Scientific classification
- Kingdom: Animalia
- Phylum: Arthropoda
- Clade: Pancrustacea
- Class: Insecta
- Order: Diptera
- Section: Schizophora
- Subsection: Acalyptratae
- Superfamily: Carnoidea
- Families: Acartophthalmidae; Australimyzidae; Braulidae - bee lice; Canacidae - beach flies; Carnidae; Chloropidae - frit flies; Inbiomyiidae; Milichiidae;

= Carnoidea =

Superfamily of flies

Carnoidea is a superfamily of Acalyptratae flies.

== Description ==
In general, member of Carnoidea are small flies no more than a few millimetres long.

Carnoidea is a poorly defined superfamily. In 1989, ten synapomorphies were described for the group, but most of these have later been challenged. As of 2006, the following synapomorphies were described: uppermost fronto-orbital bristle(s) of the head is exclinate; phallus of the male is flexible, unsclerotized, simple and elongate; and phallus is microtrichose.

== Ecology ==
Braulidae are associated with honey bees, with larvae developing in beeswax while adults attach to bees and feed from bee mouthparts.

Canacidae adults are mainly found on seashore habitats such as beaches, estuarine tidal flats, wave-swept rocks and mangroves. Little is known about their larvae, but they are believed to mainly feed on algae in the intertidal zone. Australimyzidae are also found on seashores, being associated with dead or decaying plant matter.

Carnidae are scavengers found in various kinds of plant matter, animal dung, carrion and vertebrate nests.

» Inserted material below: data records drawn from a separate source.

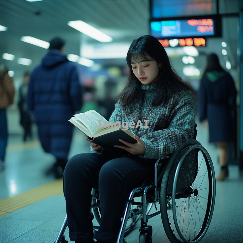 지하철 역 플랫폼에서 책을 읽고 있는 22세 한국인 여성, 휠체어에 앉아있으며 편안한 표정을 짓고 있음. 주변에는 바쁜 사람들로 가득 차 있지만, 그녀는 독서에 집중하고 있음. 그녀의 옷은 캐주얼하면서도 세련된 스타일이며, 책은 흥미로운 소설로 보임. 지하철 역의 배경은 현대적이고 깨끗한 느낌.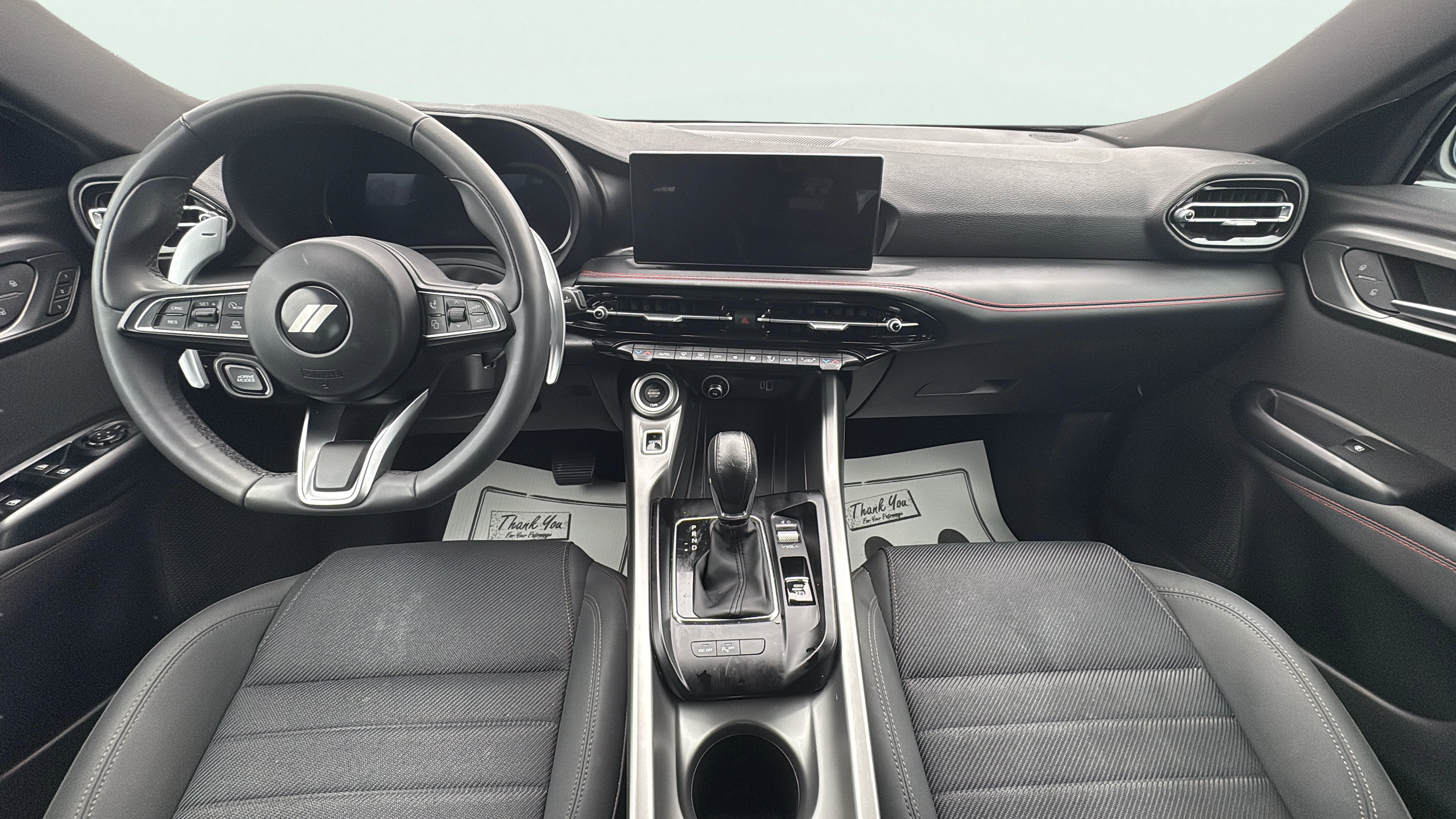 Cloth and leatherette front seat upholstery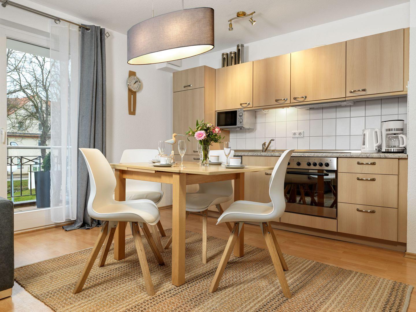 Vom hochwertig ausgestatteten Wohn/ Esszimmer gelangen Sie auf die beiden schönen Süd-Balkone. Ein Schlafzimmer ist mit einem Boxspringbett, ein weiteres Zimmer mit 2 Einzelbetten ausgestattet. Das Bad ist mit Dusche, WC und Fenster ausgestattet.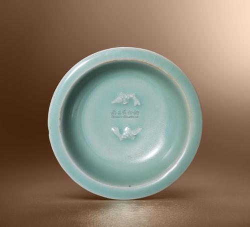 粉青色正是鐵還原的標(biāo)準色。由于釉藥下注,往往在轉(zhuǎn)折部分釉藥較薄,露出白色胎骨,成一條白線,即就是所謂的“出筋”;這種出筋,也往往出現(xiàn)在凸雕的花紋上。弟窯還有翠青色,濃淡不一;豆綠色,顏色與汝窯器大致相同,往往不易分辨。
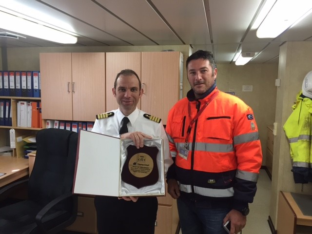 Following the recent phase in/out operation which took place between May 19th and 21st, further news on the Med Gulf Express (MGX) service as Cagliari International Container Terminal (CICT) welcomed the maiden call of the m/v London Express on Tuesday May 26th 2015. Owned and operated by German shipping line Hapag Lloyd AG, this 4,621 TEUs ship is deployed along the Med-US string linking the Mediterranean to ports in the US Gulf and Central America. Berthed upon arrival in Cagliari, m/v London Express completed operations the same day, with the traditional crest being presented to Captain Markus Droste by CICT vessel planner Andrea Pontis.
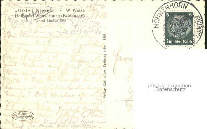 72293390 alte Postkarte Wasserburg Bodensee Halbinsel Alpenblick postalisch gelaufen Erhaltung siehe scans KatCode: 11110009776128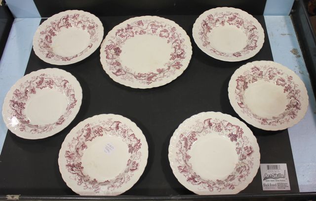 Six Wedgwood "Old Vine" 8" Bowls, 10" Plate some age cracks Six Wedgwood "Old Vine" 8" Bowls, 10" Plate some age cracks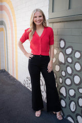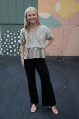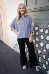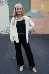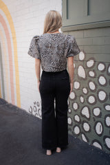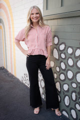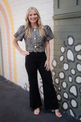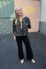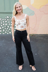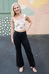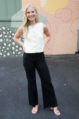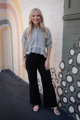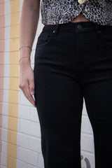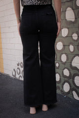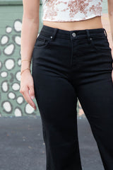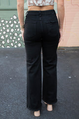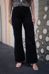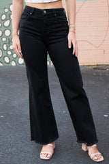Step out in style with the Brielle High Rise Wide Leg Jeans in sleek black. Designed with a flattering high rise and tummy control, these jeans hug your waist while offering a comfortable, wide-leg fit. The playful frayed hem adds a touch of edge, making them perfect for both casual days and nights out. Embrace effortless cool with every step!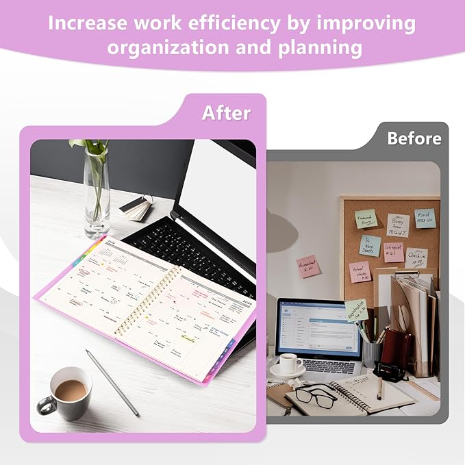 - MONTHLY PLANNER: Monthly page includes previous/next month views, holiday reminders, day countdown, lined daily blocks, notes section, ample writing space for efficient monthly tracking. Colorful monthly tabs enable easy flipping, enhancing organization

Milichiidae are also scavengers and most occur in a range of habitats, though some are restricted to ant nests, bee nests or bat dung in caves.

Chloropidae are more varied in their larval ecology, including scavengers, herbivores in plant shoots and stems (these may be largely bacterial feeders), parasites feeding on frog blood, and predators of insect or spider eggs.

Adults of Inbiomyiidae are believed to be microbial grazers, as dissections have found fungal, algal and probably bacterial material in their guts. The larvae are unknown.

== Phylogeny ==
Australimyzidae and Inbiomyiidae are sister groups, meaning they are more closely related to each other than to any other family.

Carnoidea may not be a monophyletic group. One molecular analysis found that its constituent families are more closely related to members of other superfamilies, such as Braulidae to Drosophilidae (superfamily Ephydroidea).